Energy Carta
- Founded: 2007
- Registration no.: T08SS0145F
- Focus: Clean energy, sustainable development
- Location: Singapore;
- Region served: Asia Pacific
- Method: Events, focus group discussions, information portals, initiatives
- Employees: 30
- Website: http://www.energycarta.org/

= Energy Carta =

Organization

Energy Carta is a non-profit organization founded in Singapore by a team of young adults.

It promotes its cause by bringing stakeholders together to have discourse and provide solutions to the climate change issues the world faces. In particular, it seeks to promote interest amongst the grassroots and students

It was awarded the Special Mention Award of the 2013 Singapore Energy Award.

==Objectives==

===Educate===
- To raise grassroots awareness, particularly amongst students, towards clean technology and the opportunities available in this emerging industry.
- Highlight to the future leaders of the world the importance of economics, technology and policies in resolving climate change issues.
- Raising environmental awareness towards global warming and climate change.

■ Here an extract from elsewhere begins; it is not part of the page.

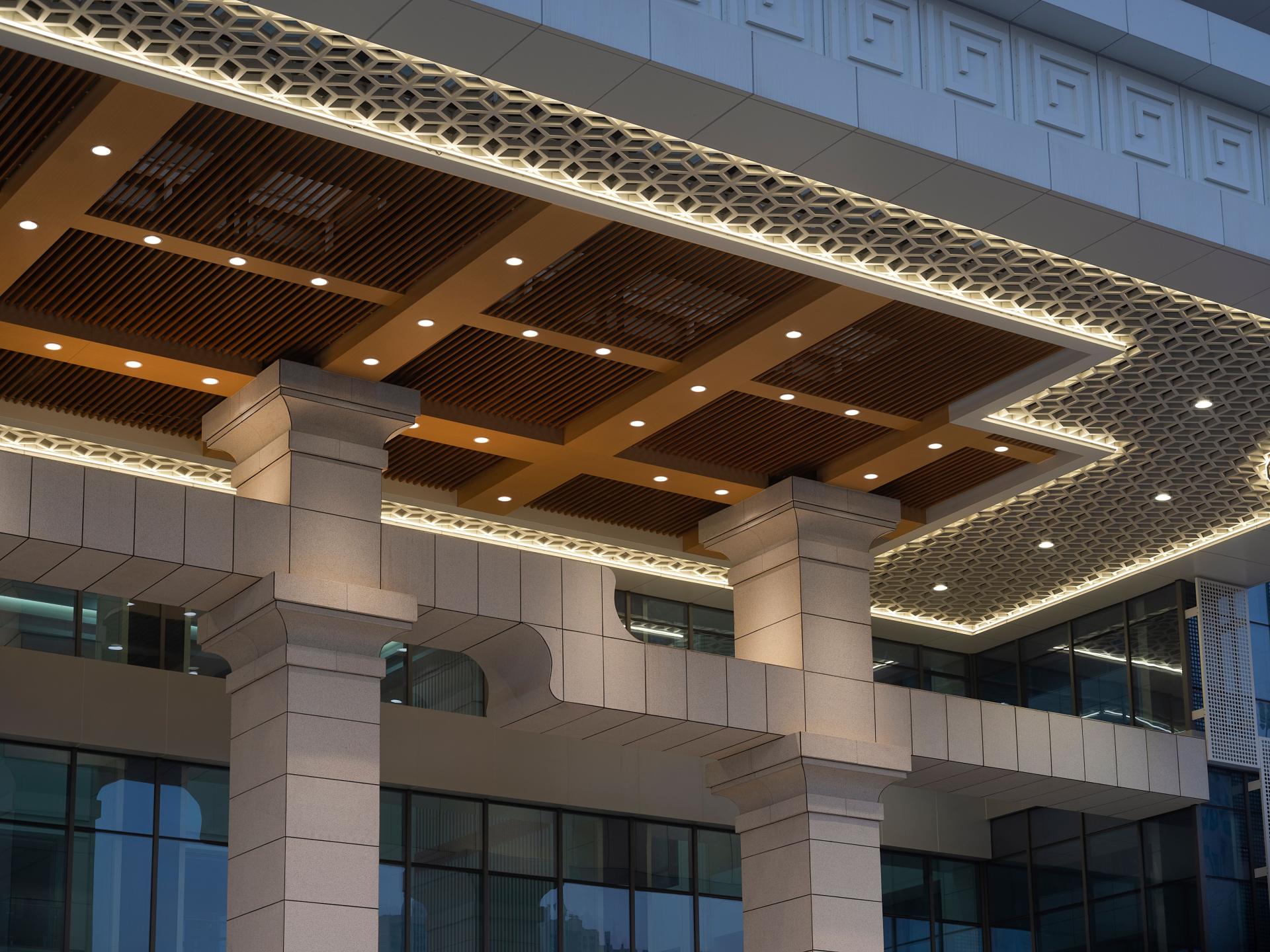 This design draws inspiration from the surrounding roads and landscape composition, with the building volume expressed linearly and extending from east to west as the terrain changes. The building exhibits an undulating posture with height changes, mirroring mountains and rivers interdependent and flowing with clouds and water.

===Engage all stakeholders===
- Stakeholders include policymakers in government, non-governmental organizations, institutes, engineers, entrepreneurs, corporate leaders, academics, and student activists.
- To engage these stakeholders to allow for discourse and creation of economic opportunities.
- Be the interface between the student population and the industry; realizing and publicizing the opportunities including jobs, internships, research projects, creation of startups etc.

===Focus on Asia===
- Highlight the economic potential, environmental urgency and possibilities within Asia, particularly favorable policies, emerging markets and technology.

==Team==
Energy Carta comprises over 30 student members with international and leadership experiences, with members from parts of the world such as China, India, Malaysia, Bangladesh, Singapore and Kenya. Some of the team has spent time working internationally in industry and studying in universities across the United States, Europe, China and Singapore, including Stanford University, Wharton School of the University of Pennsylvania, Fudan University, the Royal Institute of Technology (KTH) Sweden KTH and the National University of Singapore (NUS). Many of them have led teams to organize international conferences and competitions including Harvard Project for Asian and International Relations, Start-Up@Singapore and BioBiz.

==Events==
Energy Carta events include:
- Organizing an annual flagship conference on energy related issues, the first of which was a regional student conference in Oct 2008 focused on clean energy, targeting 200-300 students.
- Smaller scale events such as panel sessions, lecture series, round table discussions and job fairs organized on a monthly basis for an audience of 50-100 students.
- Collaborating with university departments, institutes and companies in pursuing hands-on activities pertaining to technology, policy and market research.
- Sourcing for internship, job opportunities, commercial, research and technical projects for its members to engage in.
- Embarking on energy efficiency initiatives within the school campus.